» Instructions for the task
With pictures excluded, output exactly the lines that run from the first line of the data below through the line containing "쇼핑몰 상세 설정을 하기".

» Raw data
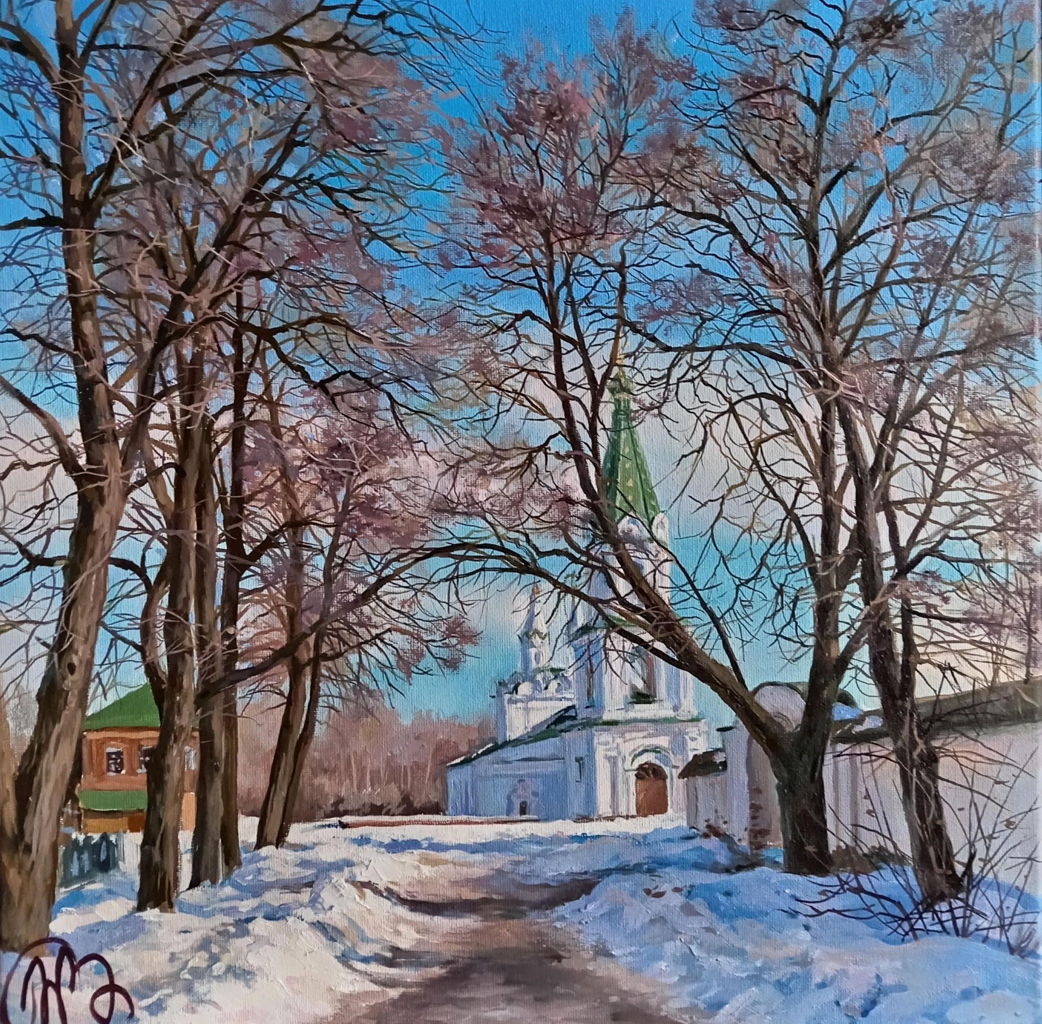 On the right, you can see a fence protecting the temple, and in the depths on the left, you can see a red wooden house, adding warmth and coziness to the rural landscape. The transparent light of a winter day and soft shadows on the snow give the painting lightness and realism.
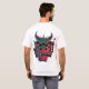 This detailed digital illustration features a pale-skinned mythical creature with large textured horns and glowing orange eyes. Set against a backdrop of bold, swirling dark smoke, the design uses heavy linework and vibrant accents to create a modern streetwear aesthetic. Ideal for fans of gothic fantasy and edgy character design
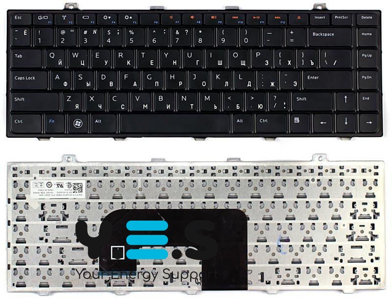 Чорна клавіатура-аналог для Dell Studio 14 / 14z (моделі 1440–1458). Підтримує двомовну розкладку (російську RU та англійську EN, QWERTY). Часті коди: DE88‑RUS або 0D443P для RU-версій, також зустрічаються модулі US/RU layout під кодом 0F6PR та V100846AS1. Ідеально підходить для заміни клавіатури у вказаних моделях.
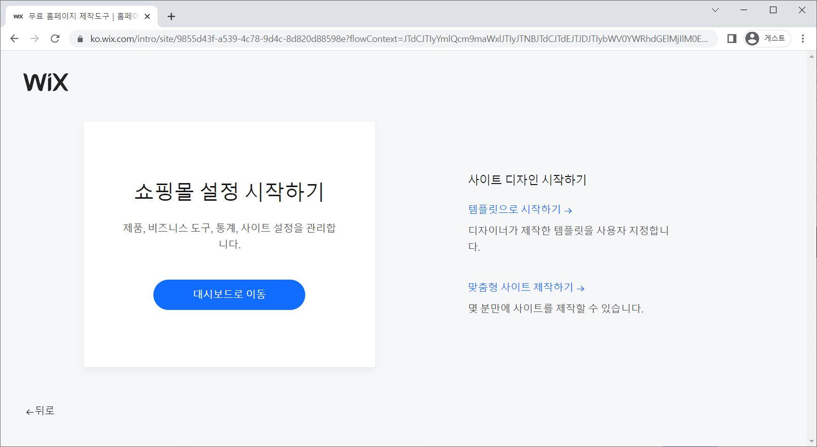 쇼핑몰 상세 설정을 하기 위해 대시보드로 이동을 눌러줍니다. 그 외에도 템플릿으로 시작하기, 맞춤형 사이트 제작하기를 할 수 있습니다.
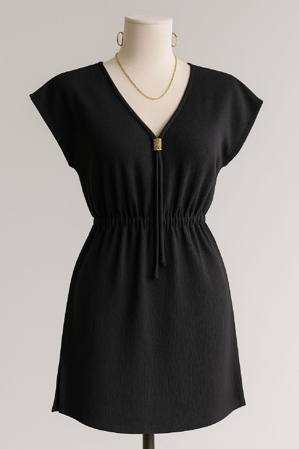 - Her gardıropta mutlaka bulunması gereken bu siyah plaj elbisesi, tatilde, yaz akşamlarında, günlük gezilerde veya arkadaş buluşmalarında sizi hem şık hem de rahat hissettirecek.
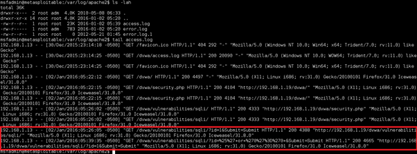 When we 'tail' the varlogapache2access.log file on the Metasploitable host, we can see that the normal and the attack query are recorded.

» Problem solution
 On the right, you can see a fence protecting the temple, and in the depths on the left, you can see a red wooden house, adding warmth and coziness to the rural landscape. The transparent light of a winter day and soft shadows on the snow give the painting lightness and realism.
 This detailed digital illustration features a pale-skinned mythical creature with large textured horns and glowing orange eyes. Set against a backdrop of bold, swirling dark smoke, the design uses heavy linework and vibrant accents to create a modern streetwear aesthetic. Ideal for fans of gothic fantasy and edgy character design
 Чорна клавіатура-аналог для Dell Studio 14 / 14z (моделі 1440–1458). Підтримує двомовну розкладку (російську RU та англійську EN, QWERTY). Часті коди: DE88‑RUS або 0D443P для RU-версій, також зустрічаються модулі US/RU layout під кодом 0F6PR та V100846AS1. Ідеально підходить для заміни клавіатури у вказаних моделях.
 쇼핑몰 상세 설정을 하기 위해 대시보드로 이동을 눌러줍니다. 그 외에도 템플릿으로 시작하기, 맞춤형 사이트 제작하기를 할 수 있습니다.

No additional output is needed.